The upgrade trend remains unchanged, costs and price increase dividends are beginning to be realized, and the revenue side is expected to gradually accelerate. Overall, the performance was under pressure under pressure under the high sales base in 24Q1, but the steady progress of the upgrade between China and India and the implementation of price increases in South Korea led to an endogenous 4.6% increase in tonnage prices. At the same time, low-cost raw materials were initially realized, with an endogenous increase of 0.4% in tonnage costs, which narrowed markedly from month to month. As a result, gross margin increased by 2.1 pcts to 51.5%, and the share of combined sales, general and administrative expenses in revenue apparently increased slightly by 0.8 pcts to 28.2%, and eventually normalized the EBITDA profit margin endogenously increased +1.5 pcts to 34.8%. Looking ahead to the 24-year pace, the sales growth rate is expected to gradually improve as the base figure declines and the competitiveness of the Korean region recovers due to continued commercial investment. At the same time, high-end technology continues to push down compounding costs and further realize the dividends of price increases in South Korea, and the company's profit is expected to continue to increase significantly.

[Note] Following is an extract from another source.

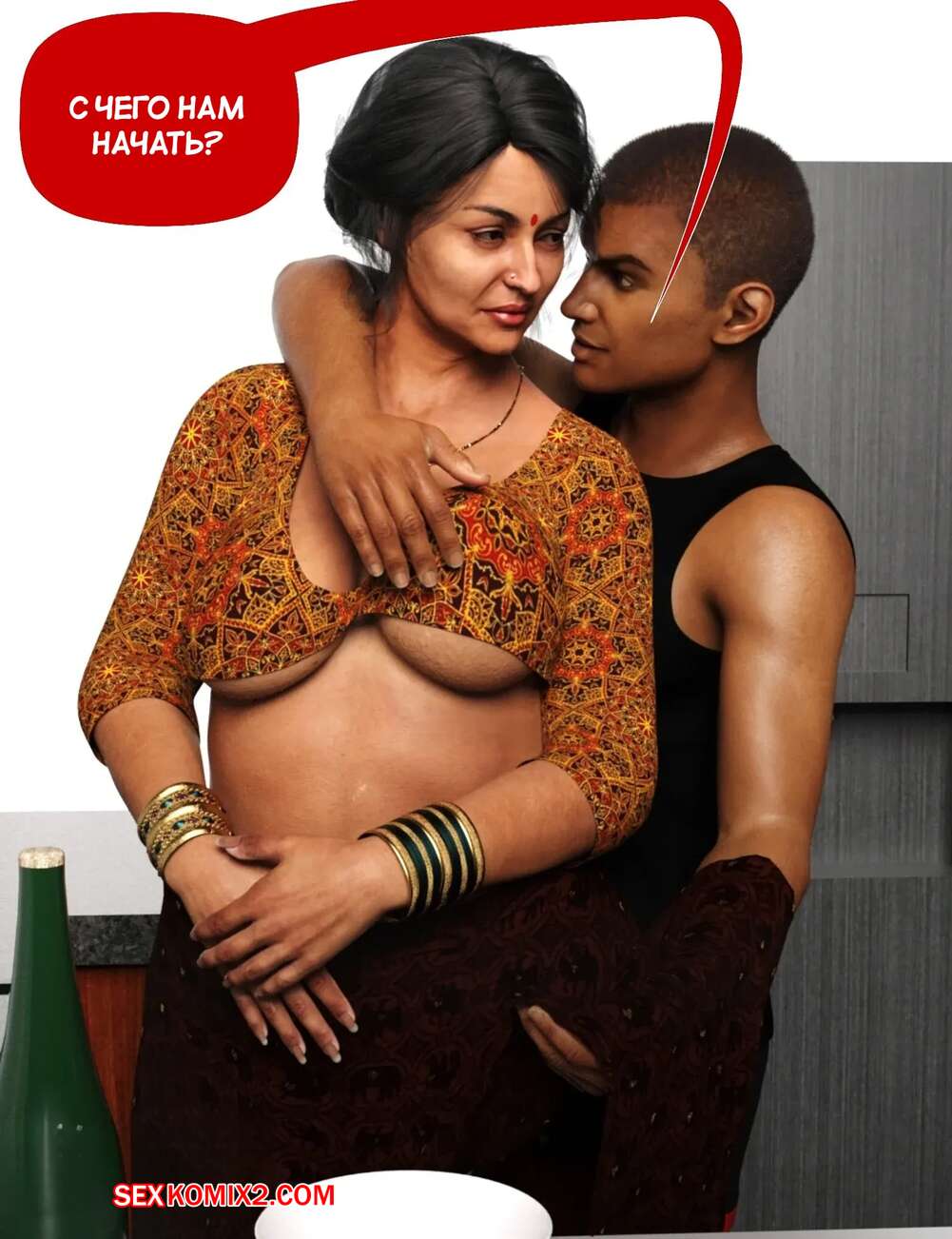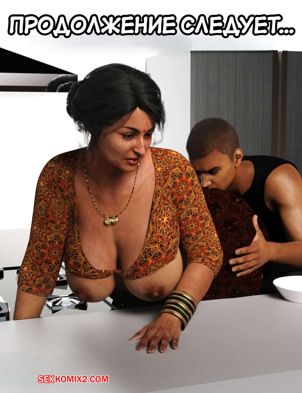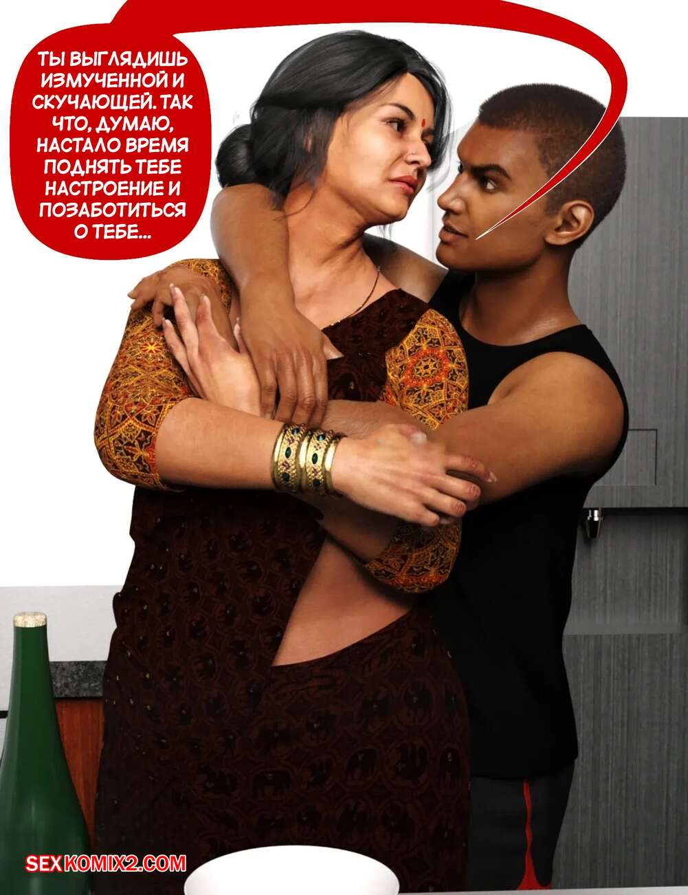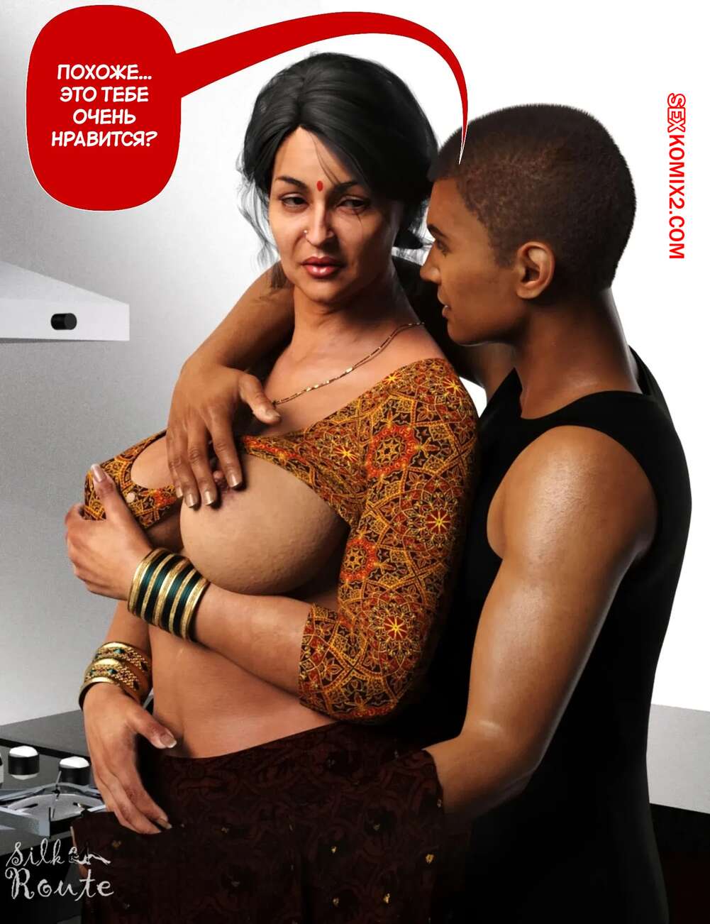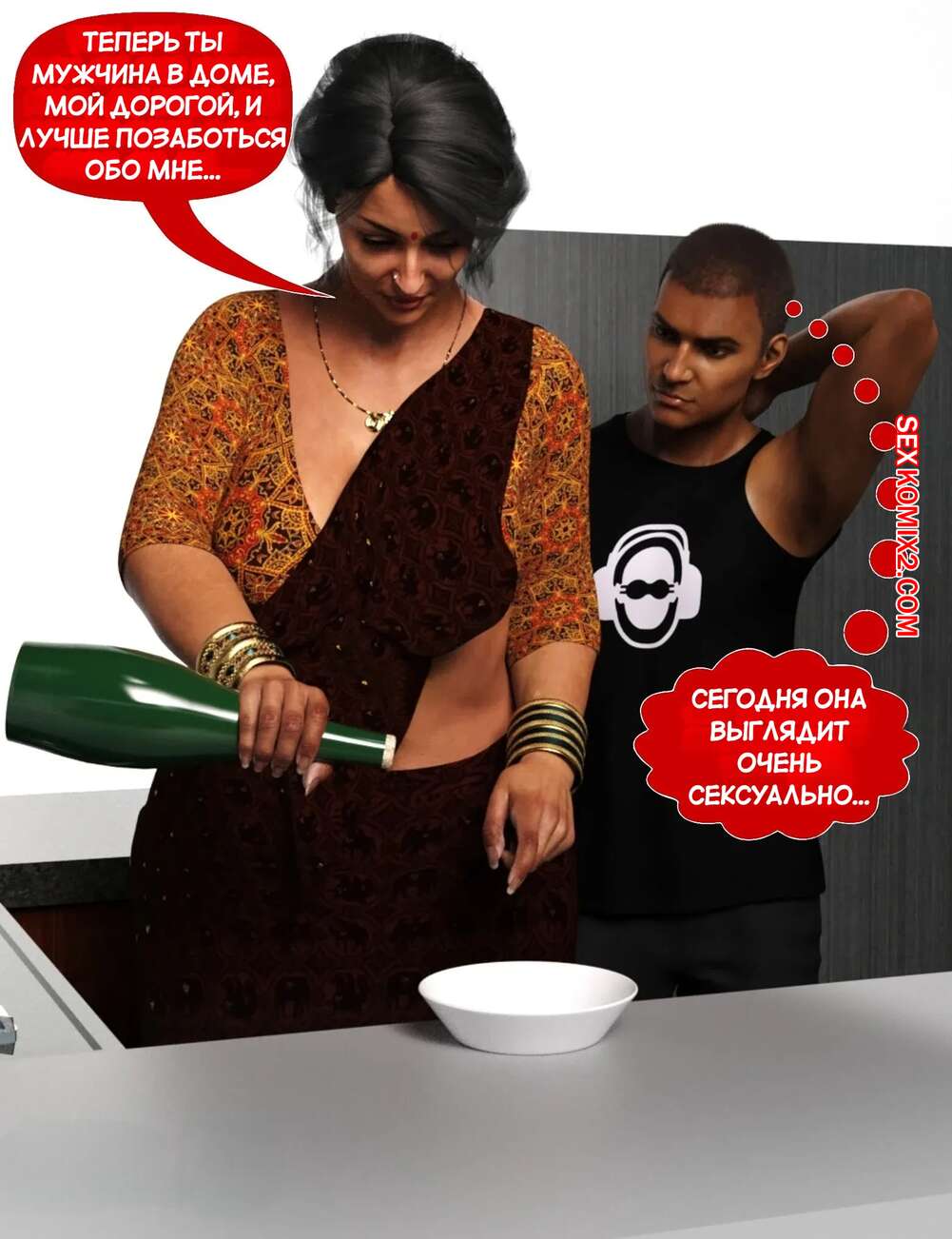 Порно комикс Мама и я. Часть 9. Mom and Me. Silk Route, Ira Raman Горячая милфа занималась делами по дому, пока ее муж просто сидел без дела. Сынок красотки подошел к ней сзади на кухне и стал ласкать мамочку, желая ее выебать.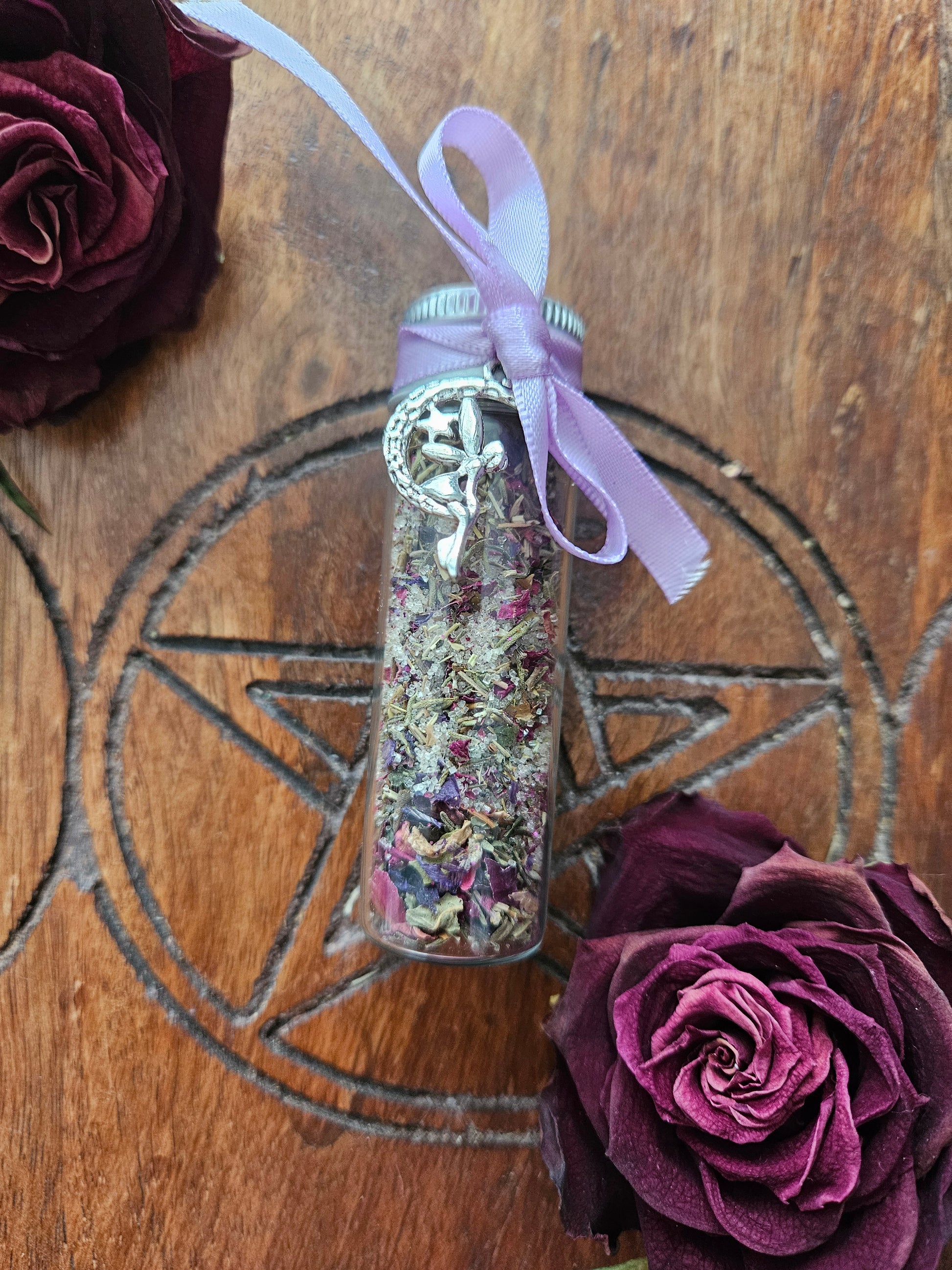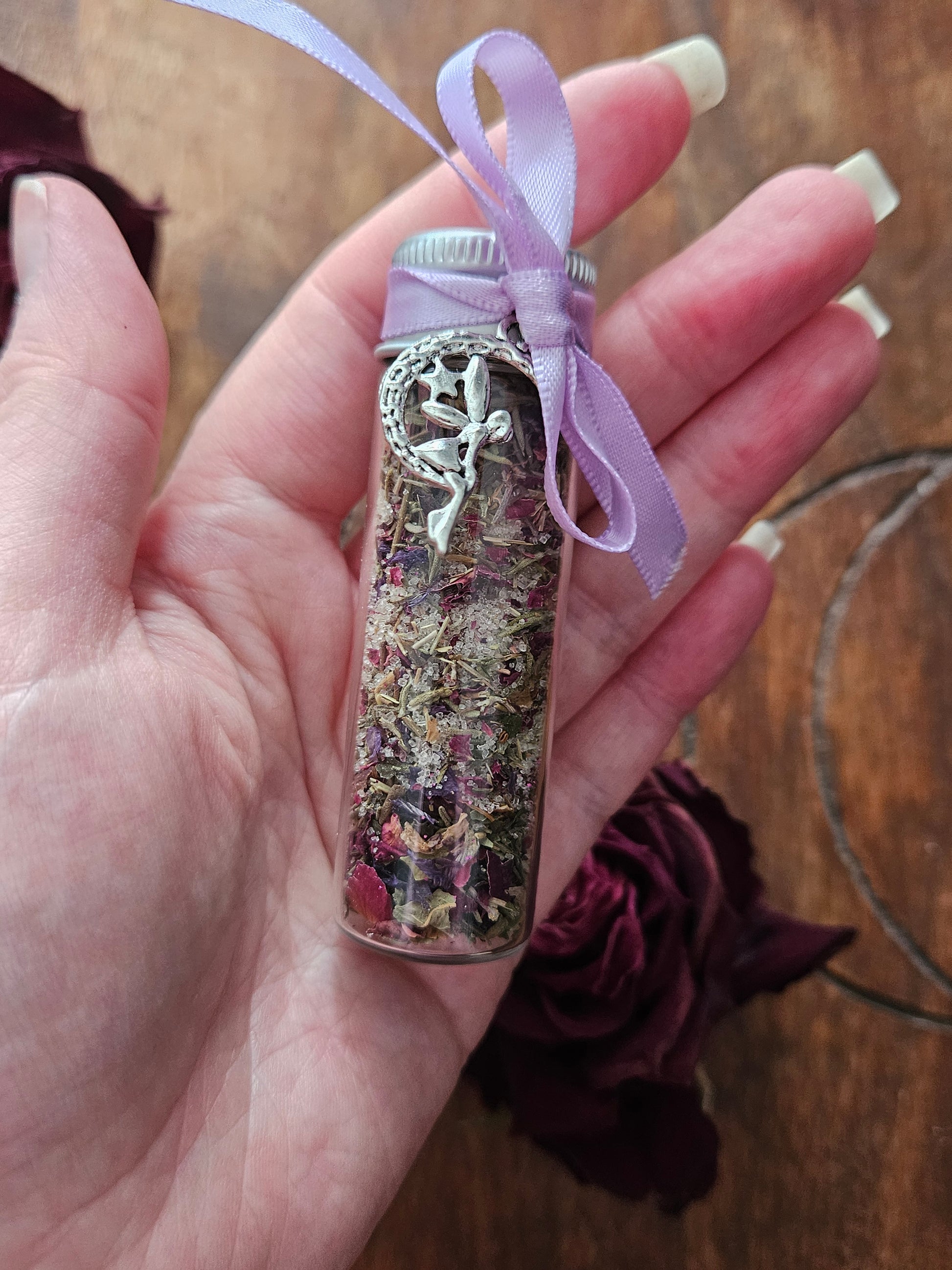 Glass vial with Fairy Charm measures approx 7x2cm. Contains Sugar, herbs, flowers and biodegradable pink glitter

Investment advice: Cost and price increase dividends are realized, sales improvements can be expected, and the “recommended” rating is maintained. The 24Q1 cost and price increase dividends have begun to be realized, driving profitability to grow in the face of declining sales volume. It is expected that subsequent improvements in sales side growth can be expected, and profit increases are expected to continue. Considering that poor sales volume in Q1 caused a certain drag on revenue performance, the 24-26 net profit forecast was slightly adjusted to US$10.3/11.7/1.29 billion (the original forecast was US$10.7/12.2/US$1.35 billion), corresponding to PE 18/16/15 times, and the target price was HK$15.5, corresponding to 24E PE about 25X, maintaining the “recommended” rating.

Risk warning: Competition in the industry has intensified, costs have risen sharply, and the recovery in consumption falls short of expectations.

The translation is provided by third-party software.